> _Supplied records_:
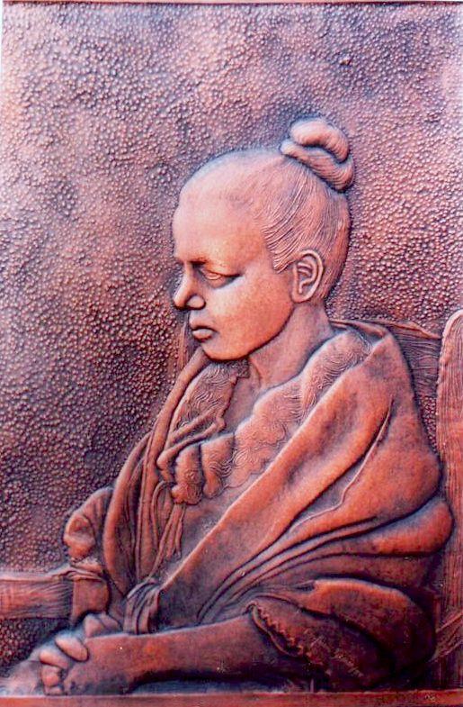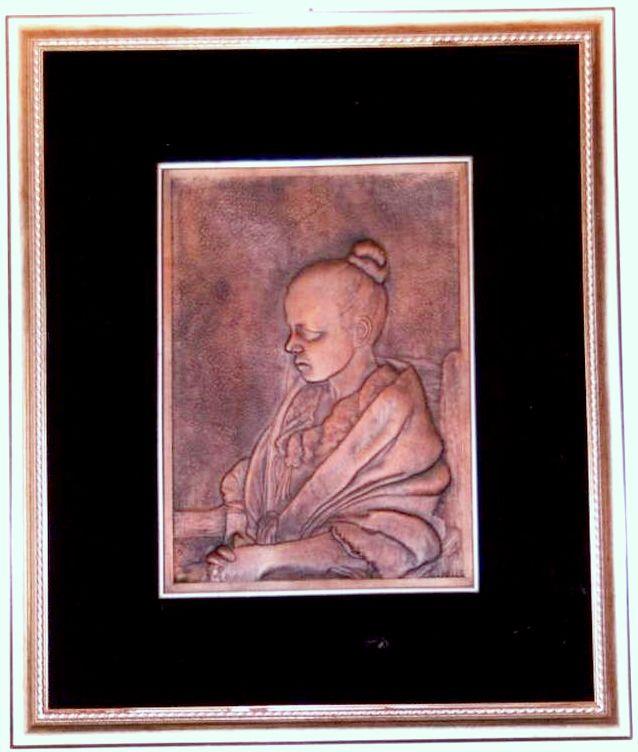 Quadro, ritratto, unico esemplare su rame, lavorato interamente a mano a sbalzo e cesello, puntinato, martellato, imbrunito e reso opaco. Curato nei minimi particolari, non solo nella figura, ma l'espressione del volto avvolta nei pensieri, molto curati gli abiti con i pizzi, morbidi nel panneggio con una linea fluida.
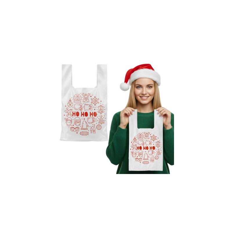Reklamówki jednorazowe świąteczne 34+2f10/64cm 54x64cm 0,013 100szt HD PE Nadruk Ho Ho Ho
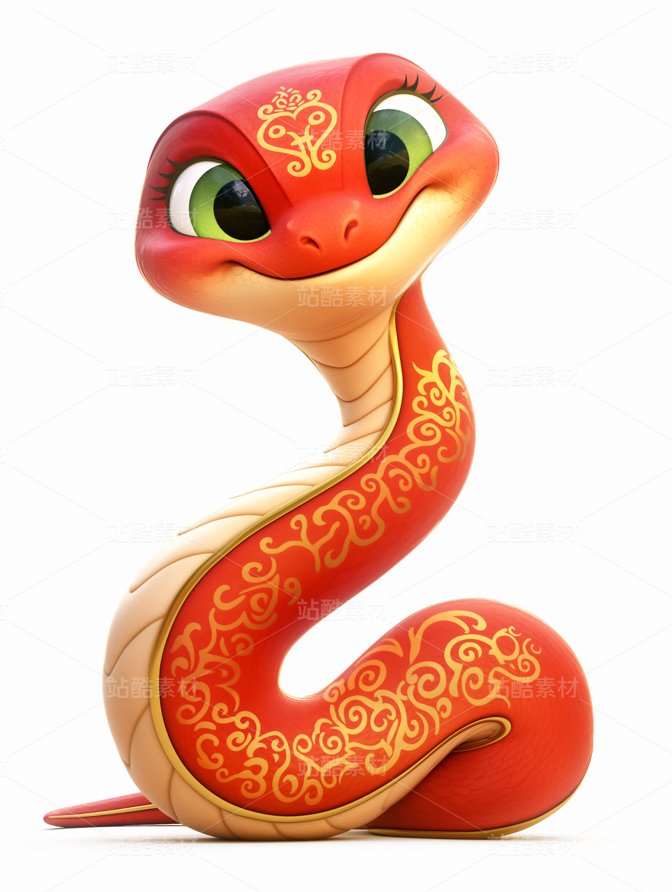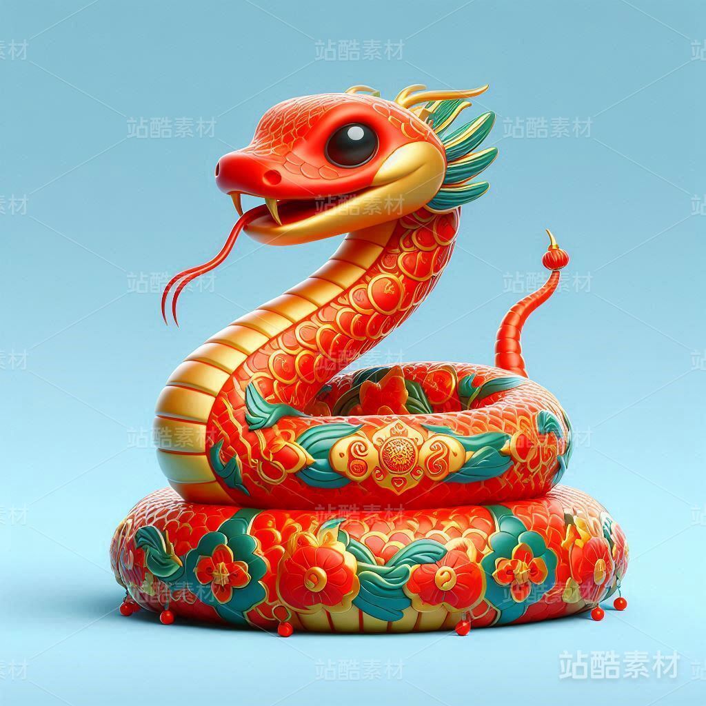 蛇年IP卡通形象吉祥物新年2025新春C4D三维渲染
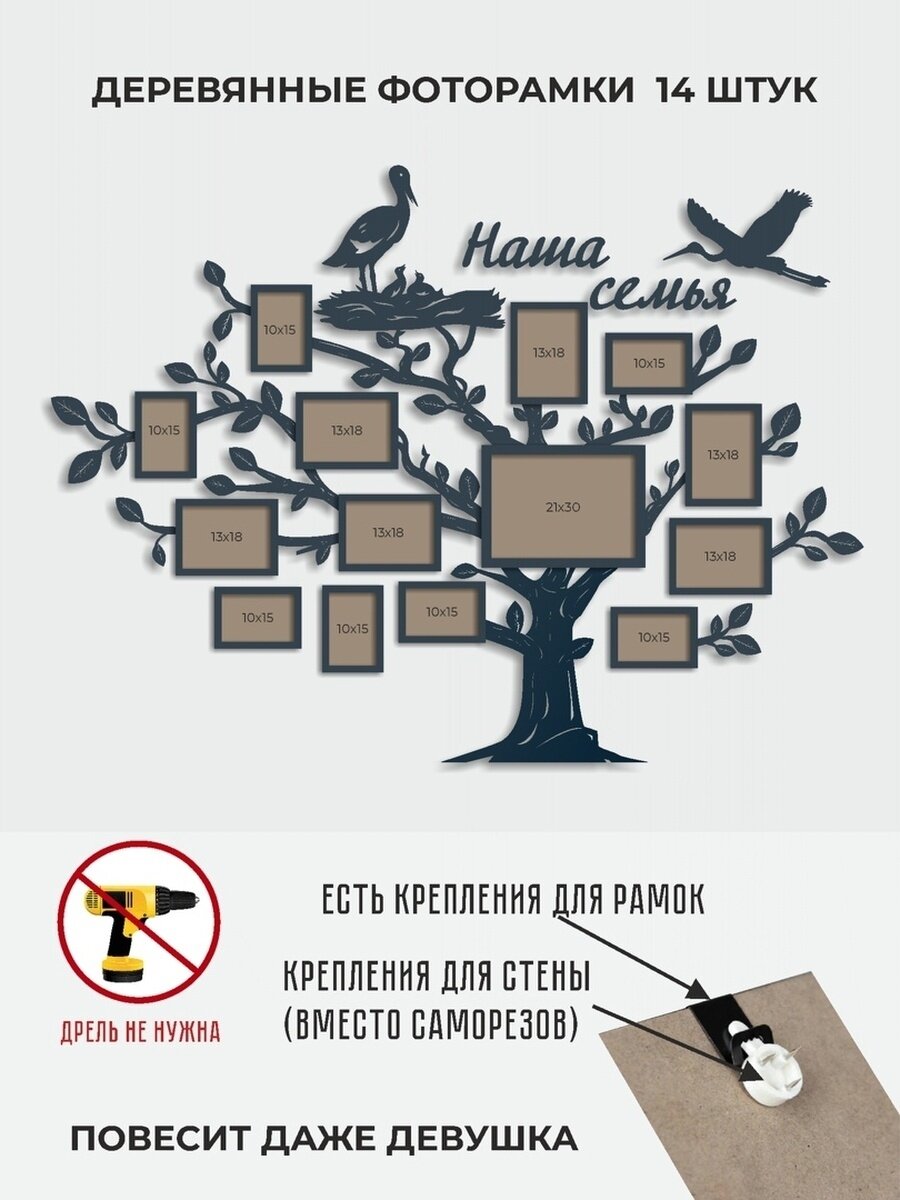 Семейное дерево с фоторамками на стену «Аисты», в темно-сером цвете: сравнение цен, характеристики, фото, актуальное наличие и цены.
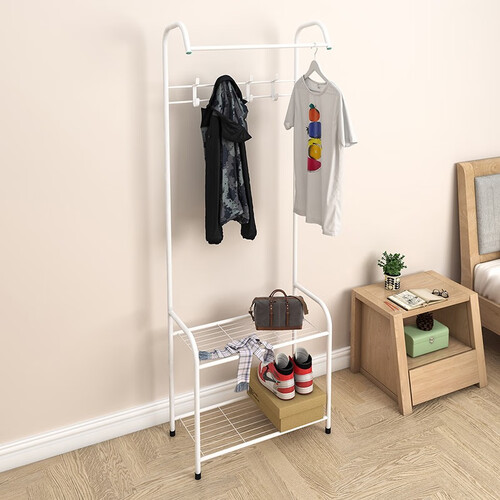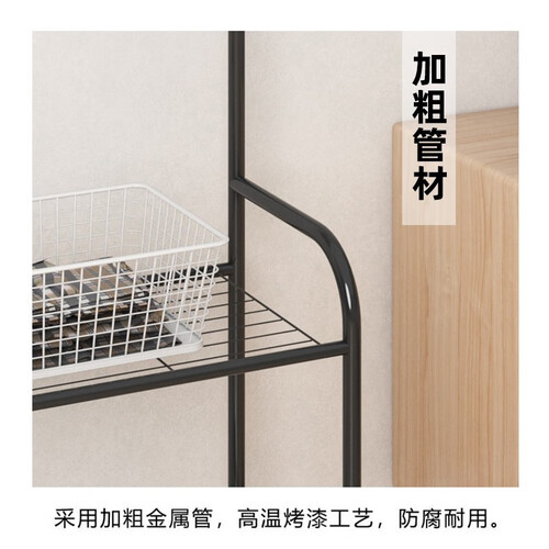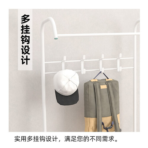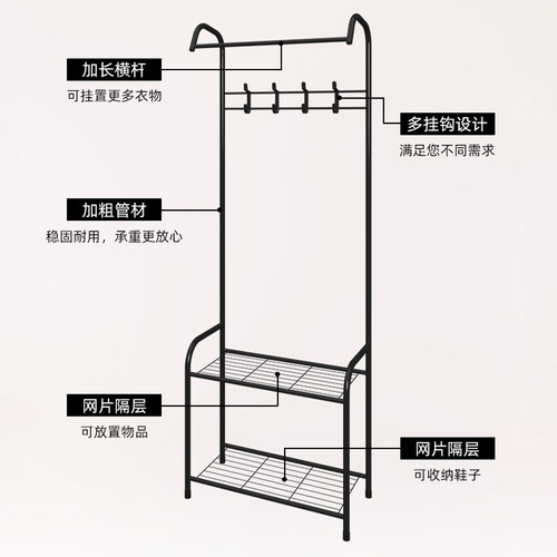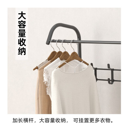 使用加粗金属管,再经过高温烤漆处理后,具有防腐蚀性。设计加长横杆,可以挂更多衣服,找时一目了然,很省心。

--

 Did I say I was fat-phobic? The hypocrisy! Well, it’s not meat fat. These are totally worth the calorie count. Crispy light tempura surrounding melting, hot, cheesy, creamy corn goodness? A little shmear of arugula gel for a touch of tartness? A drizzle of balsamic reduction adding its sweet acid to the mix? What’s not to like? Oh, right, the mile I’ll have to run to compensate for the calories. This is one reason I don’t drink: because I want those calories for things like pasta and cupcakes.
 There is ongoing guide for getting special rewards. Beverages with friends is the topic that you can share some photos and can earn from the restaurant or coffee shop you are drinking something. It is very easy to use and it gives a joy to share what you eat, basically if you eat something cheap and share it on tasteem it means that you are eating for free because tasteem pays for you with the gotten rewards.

> _Instructions for the task_: Looking at the data above, show all lines where the word "because" occurs.

> _Completed exercise_:
 Did I say I was fat-phobic? The hypocrisy! Well, it’s not meat fat. These are totally worth the calorie count. Crispy light tempura surrounding melting, hot, cheesy, creamy corn goodness? A little shmear of arugula gel for a touch of tartness? A drizzle of balsamic reduction adding its sweet acid to the mix? What’s not to like? Oh, right, the mile I’ll have to run to compensate for the calories. This is one reason I don’t drink: because I want those calories for things like pasta and cupcakes.
 There is ongoing guide for getting special rewards. Beverages with friends is the topic that you can share some photos and can earn from the restaurant or coffee shop you are drinking something. It is very easy to use and it gives a joy to share what you eat, basically if you eat something cheap and share it on tasteem it means that you are eating for free because tasteem pays for you with the gotten rewards.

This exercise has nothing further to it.